Here are two tips for coding and billing common ENT procedures.

1.  Know 2015 CPT code updates.  A number of Current Procedural Terminology code set changes for 2015 are expected to impact otolaryngology, according to the American Academy of Otolaryngology – Head and Neck Surgery

Changes include:

•    43180, a new code for the reporting of Endoscopic Zenker's Diverticulum
•    Deletion of Eustachian tube codes 69400, 69401 and 69405

The American Medical Association RVS Update Committee also reviewed the following codes:

•    92541
•    92542
•    92543
•    92544
•    92545
•    10021
•    30903
•    30905
•    31295
•    31296
•    31297
•    41530
•    30300
•    30906
•    40804
•    42809
•    69200
•    69220
•    92511

Each of these codes could be subject to changes in reimbursement. See the American Academy of Otolaryngology – Head and Neck Surgery report for the full code descriptions.

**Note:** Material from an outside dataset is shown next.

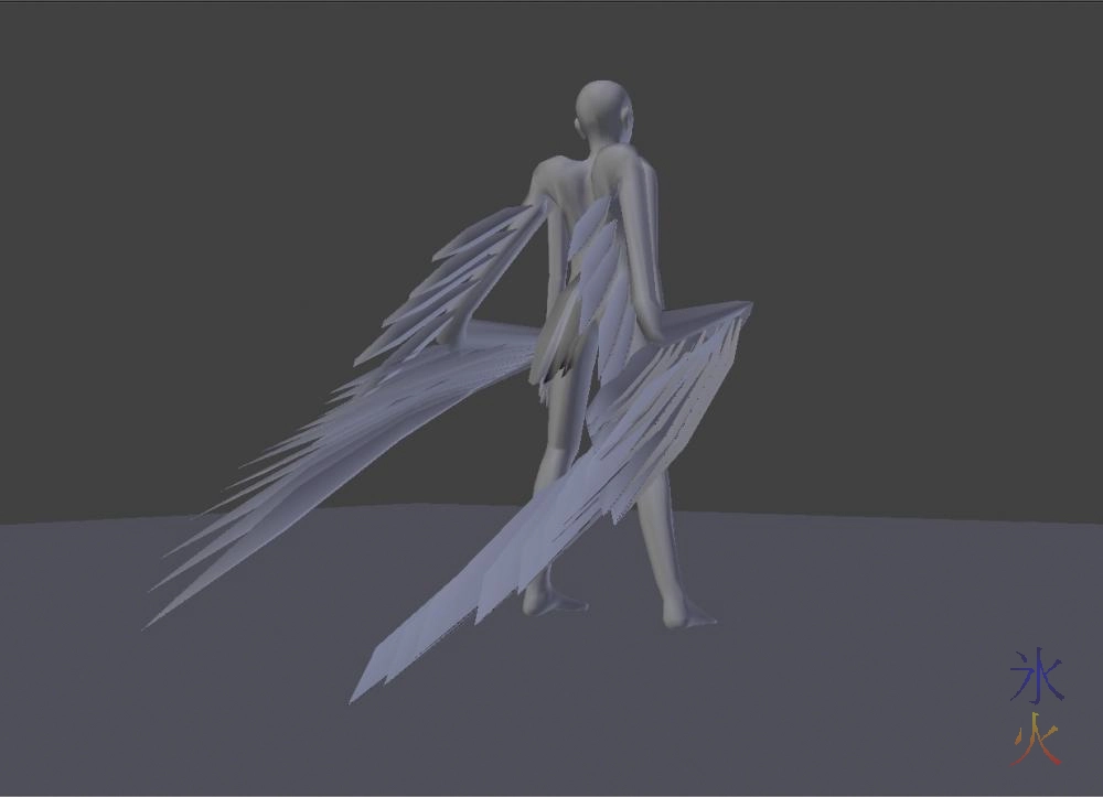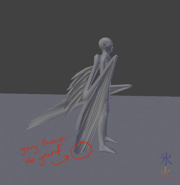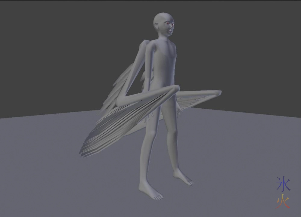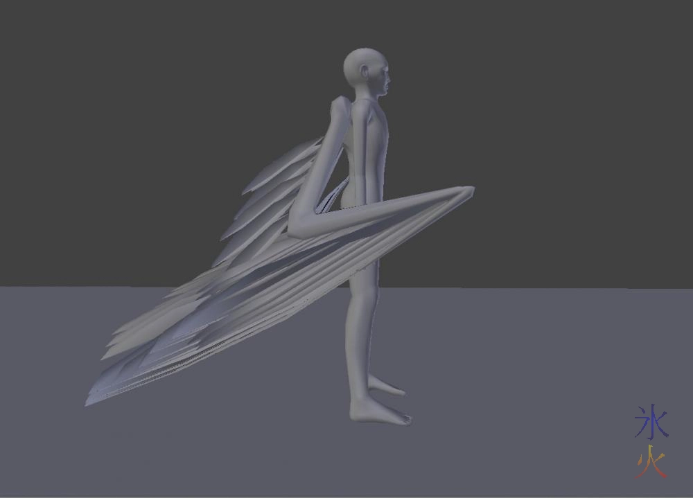 The upper wing arm is nearly as long as the normal arm and the parimaries are about two thirds the height of the model, so folding them the way they’re “normally” (or perhaps canonically by every winged character ever seeing as there aren’t any flying winged humans yet) folded resulted in them clipping through the ground. They obviously wouldn’t want their feathers dragging along the ground so I stuffed around with various poses for ages before finally getting stuck on hanging the upper arms down like the normal arms and just arcing the wing forearms as high and forward as I could without losing the wing tips in the ground.

2. Track external benchmarks. External benchmarking can help healthcare leaders understand if they are capturing as much revenue as efficiently as possible. Here are 10 statistics on ENT revenue per case in ambulatory surgery centers, according to VMG Health's 2012 Intellimarker Ambulatory Surgical Center Financial & Operational Benchmarking Study.

West
•    Gross charges per case: $8,426
•    Net revenue per case: $1,740

Southwest
•    Gross charges per case: $8,673
•    Net revenue per case: $2,071

Midwest
•    Gross charges per case: $7,710
•    Net revenue per case: $2,172

Southeast
•    Gross charges per case: $6,537
•    Net revenue per case: $1,369

Northeast
•    Gross charges per case: $7,494
•    Net revenue per case: $2,009

CPT Copyright 2014 American Medical Association. All rights reserved. CPT is a registered trademark of the American Medical Association.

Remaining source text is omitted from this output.